◆ What you should do
All of the data is to be printed exactly, though the images must be left off.

◆ Available data
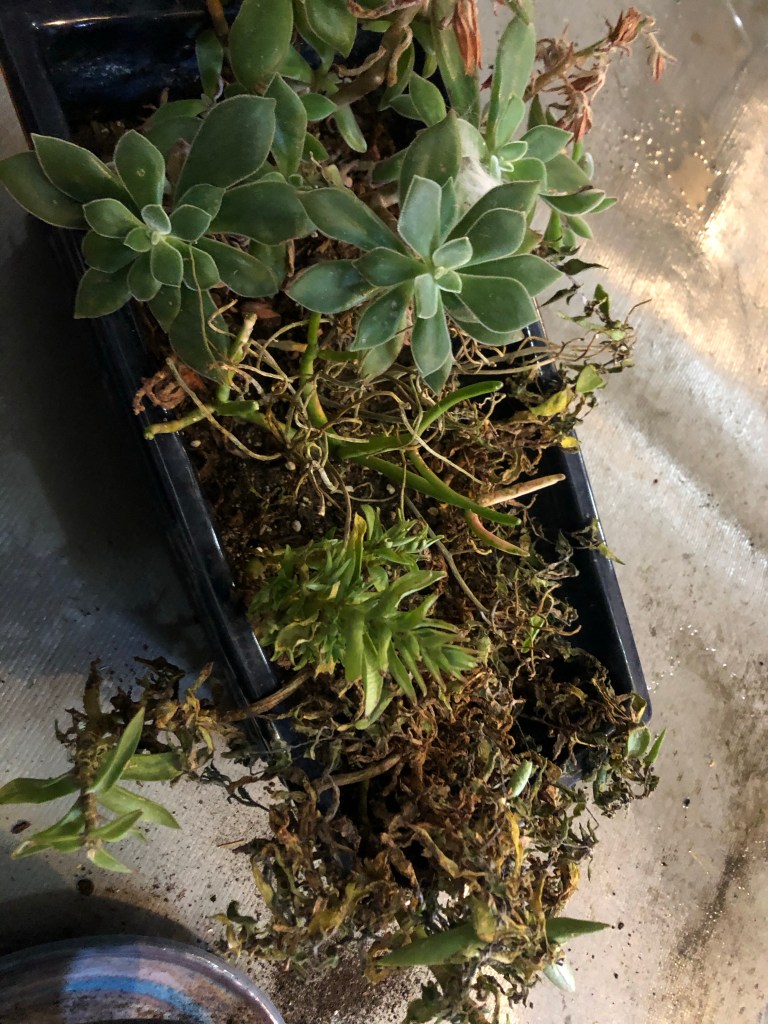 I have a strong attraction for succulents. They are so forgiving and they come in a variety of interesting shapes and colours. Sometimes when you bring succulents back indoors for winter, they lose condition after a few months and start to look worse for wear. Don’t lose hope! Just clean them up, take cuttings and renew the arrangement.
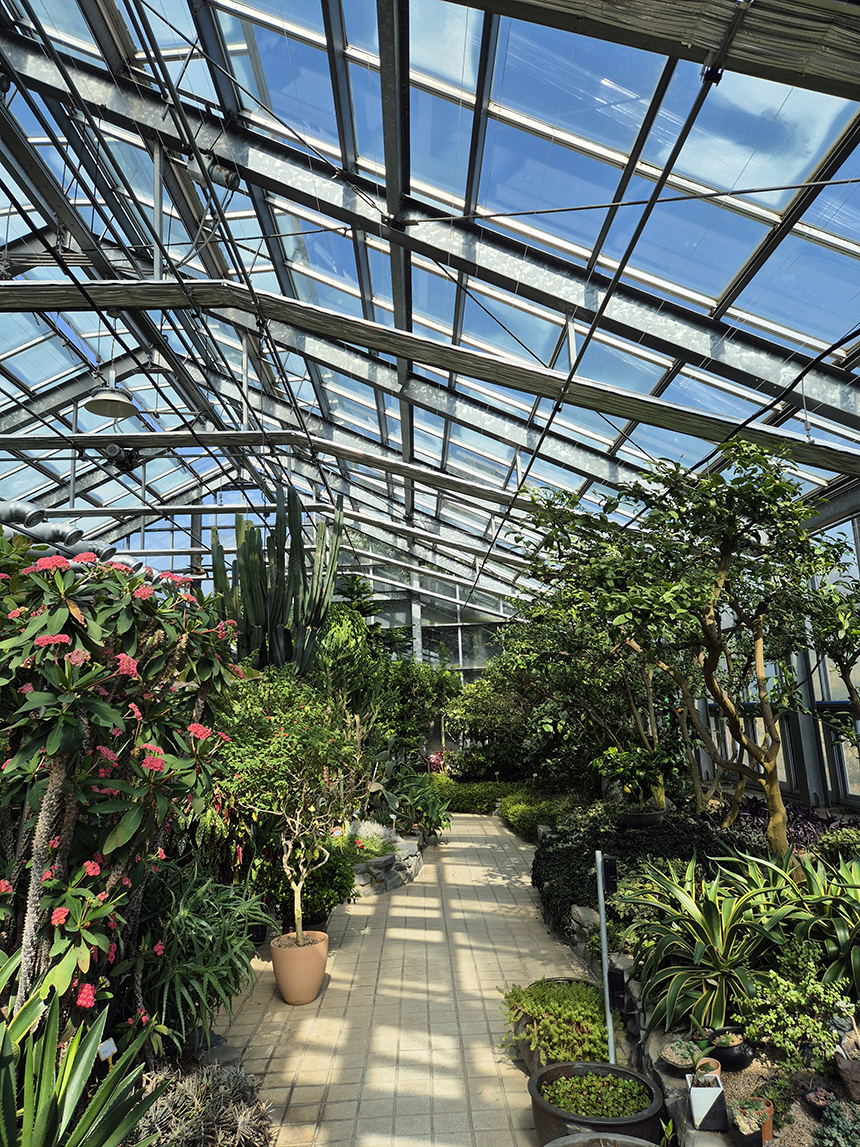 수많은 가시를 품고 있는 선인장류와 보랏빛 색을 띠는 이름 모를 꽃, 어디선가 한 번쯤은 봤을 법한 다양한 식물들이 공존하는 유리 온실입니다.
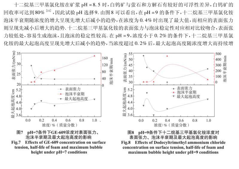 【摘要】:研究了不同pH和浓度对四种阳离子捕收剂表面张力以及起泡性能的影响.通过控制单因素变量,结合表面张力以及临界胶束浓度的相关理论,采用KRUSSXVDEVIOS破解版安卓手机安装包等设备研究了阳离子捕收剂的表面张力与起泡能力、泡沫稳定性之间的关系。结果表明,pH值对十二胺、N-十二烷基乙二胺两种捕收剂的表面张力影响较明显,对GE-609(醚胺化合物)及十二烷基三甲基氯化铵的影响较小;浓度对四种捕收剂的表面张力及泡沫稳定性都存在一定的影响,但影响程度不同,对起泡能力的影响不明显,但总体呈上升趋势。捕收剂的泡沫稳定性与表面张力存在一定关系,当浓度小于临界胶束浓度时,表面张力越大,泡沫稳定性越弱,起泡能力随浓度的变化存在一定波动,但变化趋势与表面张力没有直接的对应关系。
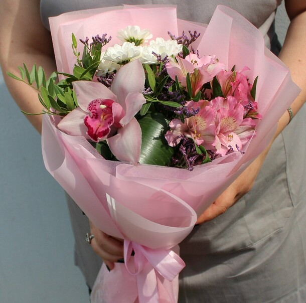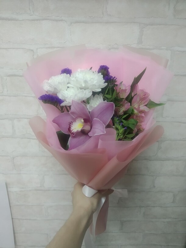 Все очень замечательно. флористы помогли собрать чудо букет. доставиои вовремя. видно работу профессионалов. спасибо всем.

◆ Result
 I have a strong attraction for succulents. They are so forgiving and they come in a variety of interesting shapes and colours. Sometimes when you bring succulents back indoors for winter, they lose condition after a few months and start to look worse for wear. Don’t lose hope! Just clean them up, take cuttings and renew the arrangement.
 수많은 가시를 품고 있는 선인장류와 보랏빛 색을 띠는 이름 모를 꽃, 어디선가 한 번쯤은 봤을 법한 다양한 식물들이 공존하는 유리 온실입니다.
 【摘要】:研究了不同pH和浓度对四种阳离子捕收剂表面张力以及起泡性能的影响.通过控制单因素变量,结合表面张力以及临界胶束浓度的相关理论,采用KRUSSXVDEVIOS破解版安卓手机安装包等设备研究了阳离子捕收剂的表面张力与起泡能力、泡沫稳定性之间的关系。结果表明,pH值对十二胺、N-十二烷基乙二胺两种捕收剂的表面张力影响较明显,对GE-609(醚胺化合物)及十二烷基三甲基氯化铵的影响较小;浓度对四种捕收剂的表面张力及泡沫稳定性都存在一定的影响,但影响程度不同,对起泡能力的影响不明显,但总体呈上升趋势。捕收剂的泡沫稳定性与表面张力存在一定关系,当浓度小于临界胶束浓度时,表面张力越大,泡沫稳定性越弱,起泡能力随浓度的变化存在一定波动,但变化趋势与表面张力没有直接的对应关系。
 Все очень замечательно. флористы помогли собрать чудо букет. доставиои вовремя. видно работу профессионалов. спасибо всем.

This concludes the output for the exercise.